FDA Law Alert: Issue #2

August 7, 2019

Hyman, Phelps & McNamara, P.C. is pleased to publish this second issue of the FDA Law Alert, a newsletter highlighting key postings from our nationally acclaimed FDA Law Blog.  Please subscribe to the FDA Law Blog to receive contemporaneous posts on government regulatory and enforcement activities affecting the broad cross-section of FDA-regulated industry.   As the largest dedicated FDA law firm, we are happy to help you or your clients navigate the nuances of the laws and regulations affecting the industry.

Cross-Cutting Issues

  • Disclosure of Confidential Information
    • A recent Supreme Court decision lowers the standard for the government to withhold from disclosure confidential commercial or financial information it receives from regulated industry.  In their post, Anne Walsh and Ricardo Carvajal describe the impact that the Court decision will have on FDA-regulated entities who routinely submit this type of information to FDA.
  • Enforcement Discretion
    • Douglas Farquhar discusses FDA’s power to exercise enforcement discretion.  His post focuses on a recent court decision holding that FDA cannot delay or relax enforcement requirements mandated by the Tobacco Control Act, and must require manufacturers of tobacco and other nicotine products to submit applications to market those products.


  • Drug Development
    • In this post by Frank Sasinowski and James Valentine, they highlight the approval of the first systemically administered somatic gene replacement therapy. The approval of Avexis’s Zolgensma (onasemnogene abeparvovec-xioi), for treatment of spinal muscular atrophy (SMA), is a milestone for personalized medicine that targets the root causes of genetic diseases using gene replacement.
  • Biosimilars
    • FDA finalized its guidance to assist biosimilar manufacturers to demonstrate interchangeability with a reference product.  Sara Koblitz writes about activities since the draft guidance was issued in 2017 and the potential impact the final guidance will have on drug manufacturers seeking to establish interchangeability.


  • PMA Panels
    • Jeff Gibbs and McKenzie Cato take a close look at the relationship between the outcomes of FDA advisory panels to review pre-market applications (PMAs) and the ultimate outcomes and time to resolution of PMAs.  Their post discusses why the relationship may not be clear cut.
  • Unique Device Identification (UDI)
    • FDA finalized its guidance for industry on UDI labeling requirements applicable to convenience kits (two or more medical devices packaged together for the convenience of the user).  Rachael Hunt compares the draft guidance with the final version and describes scenarios to illustrate its application.
  • Off-Label Promotion and Reporting Violations
    • Anne K. Walsh and Adrienne Lenz describe the woes of a device manufacturer held accountable for civil and criminal violations related to its wound dressing product.  Not only does this case highlight the steep penalties associated with reporting violations — a $3 million criminal fine in this case – but it also shows that off-label promotion remains a targeted area of interest for the government.


  • 180-Day Exclusivity
    • Kurt R. Karst continues his coverage of the BLOCKING Act, legislation that could make 180-day exclusivity eligibility unpredictable for ANDA applicants.  In this latest post, Karst details two alternative versions of the bill that could maintain the 180-day incentive, but would address FDA’s concerns about competition and pricing for drugs.


  • Fraud and Abuse
    • In response to objections that the restrictions were too prohibitive, New Jersey amended its rules regarding the acceptance of remuneration by prescribers from pharmaceutical manufacturers.  Alan Kirschenbaum summarizes the significant changes from the original rule in his post.

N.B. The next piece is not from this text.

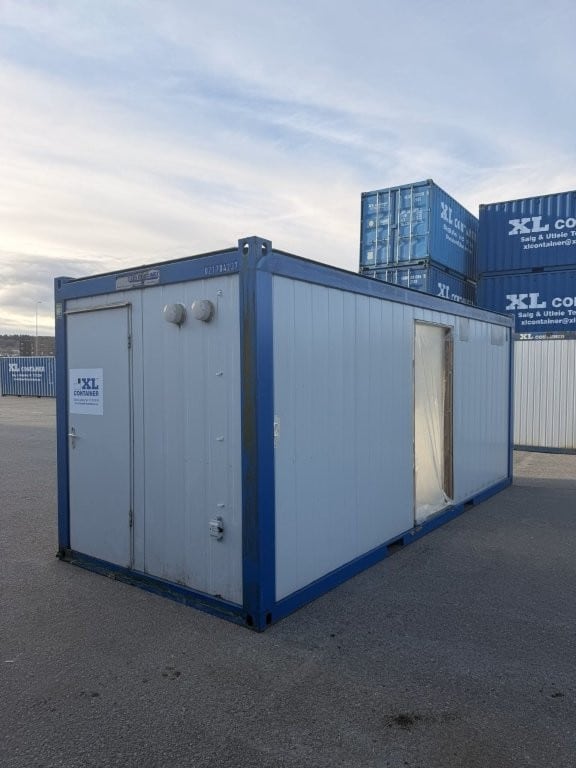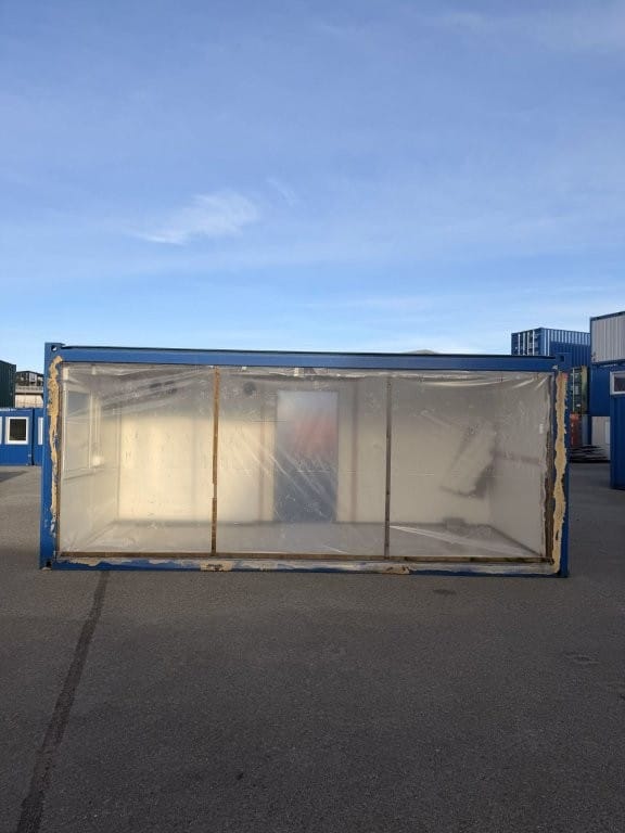 Vi selger en 20 fots salmodul, venstre side, produsert i 2017. Modulen har vært brukt som del av en større sal-løsning og har derfor åpen høyre langside.

Foods and Dietary Supplements

  • Product Labels
    • Riёtte van Laack writes in her post about FDA’s letter to industry supporting the inclusion of a “Best if Used by” statement on food products, but notes that FDA cannot enforce this requirement on foods.
  • DMHA Regulation
    • Hi-Tech Pharmaceuticals, Inc. recently sued FDA to stop enforcement activities around DMHA-containing products, arguing FDA has not undergone formal rulemaking as required by the Administrative Procedure Act.  Ricardo Carvajal and JP Ellison are following this litigation here.

DEA and Cannabis

  • Medical Cannabis  
    • John Gilbert and Larry Houck describe proposed legislation that would compel DEA to issue more marijuana manufacturer registrations for research.  Their post walks through federal regulation of studies involving the potential medical utility of marijuana and the current requirements for these manufacturers.